What the hell is in that stuff that causes these effects.


----------



## PushAndPull (Nov 13, 2013)

It's way better if you snort it


----------



## KelJu (Nov 15, 2013)

Seriously, this is the only reply? Has no one else tried it? I know it can't be some secret that only I have stumbled upon. It is just a PW, but damn it is so much stronger than anything else I have taken.


----------



## OfficerFarva (Nov 15, 2013)

KelJu said:


> Seriously, this is the only reply? Has no one else tried it?

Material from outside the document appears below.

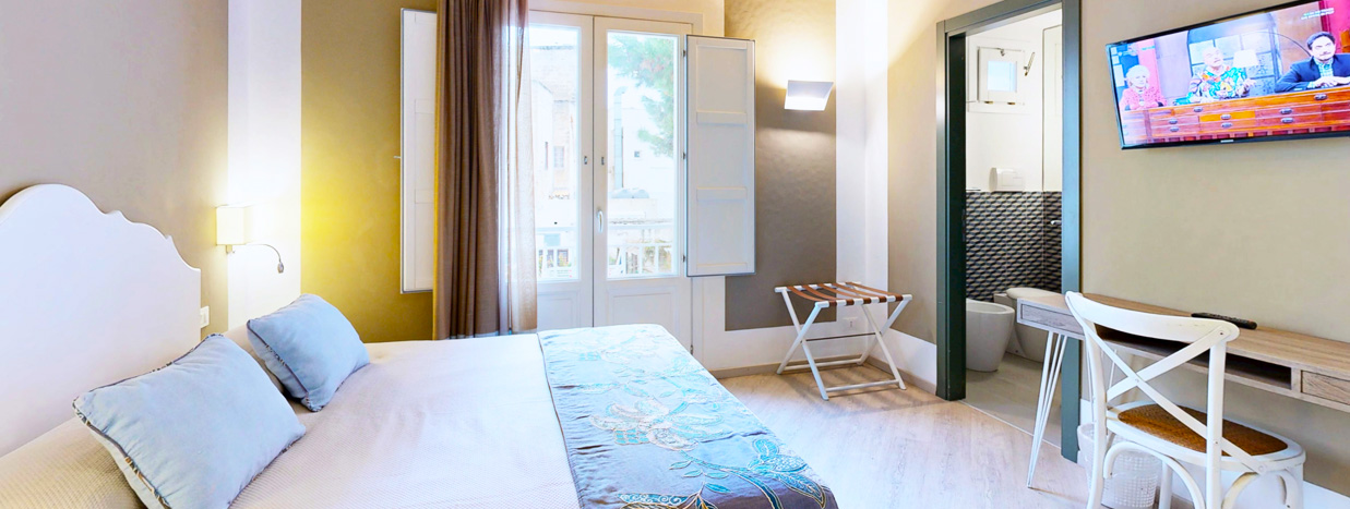 Palazzo tipico favignanese, che si sviluppa in altezza, dove abbiamo realizzato camere con balcone o con terrazza, alcune anche con vista mare panoramica.

I know it can't be some secret that only I have stumbled upon. It is just a PW, but damn it is so much stronger than anything else I have taken.



Wait till you try Meth..


----------



## Christsean (Nov 15, 2013)

I'm going to my local  supplement shop to get some.... Hopefully.


----------



## Christsean (Nov 15, 2013)

Boo!! They don't have it!!


----------



## Kirk B (Nov 15, 2013)

KelJu said:


> This shit is better thank cocaine. Ok, maybe not that good, but pretty close. My only complain is it makes my nose run and mucus forms in my throat. Also, my dick runs into hiding. On the upside, I have never taken a PWO drink that had as much kick as this. It leaves NO-Explode, C4, HemoRage, Hyde, and Pump-HD in the dust.
> 
> What the hell is in that stuff that causes these effects.



does it give you the jitters like NO i cant take no cauuse of that i just take the main ingredient arginine. when i worked out in jail i use to drink half a 8oz cup of coffe  black to help and thats it I will start shaking and i hate that feeling from the no so is it like that with the caffine ?


----------



## Christsean (Nov 15, 2013)

That's my biggest problem with PWO stims is the jitters. I have a PWO stim graveyard full of barely used products. 

Dbol is the best PWO stim!!!!!


----------



## packers6211 (Nov 15, 2013)

Man for me it wouldn't be a pwo if it didn't have jitter effect!! I haven't tried this so I'm def have to. Finaflex makes some good shit, Orbit Nutrition - Buy FINAFLEX G8 Cheap! this is one of the best go to sleep products!!


----------



## exerciseordie (Nov 15, 2013)

I love stimul8 shit is awesome


----------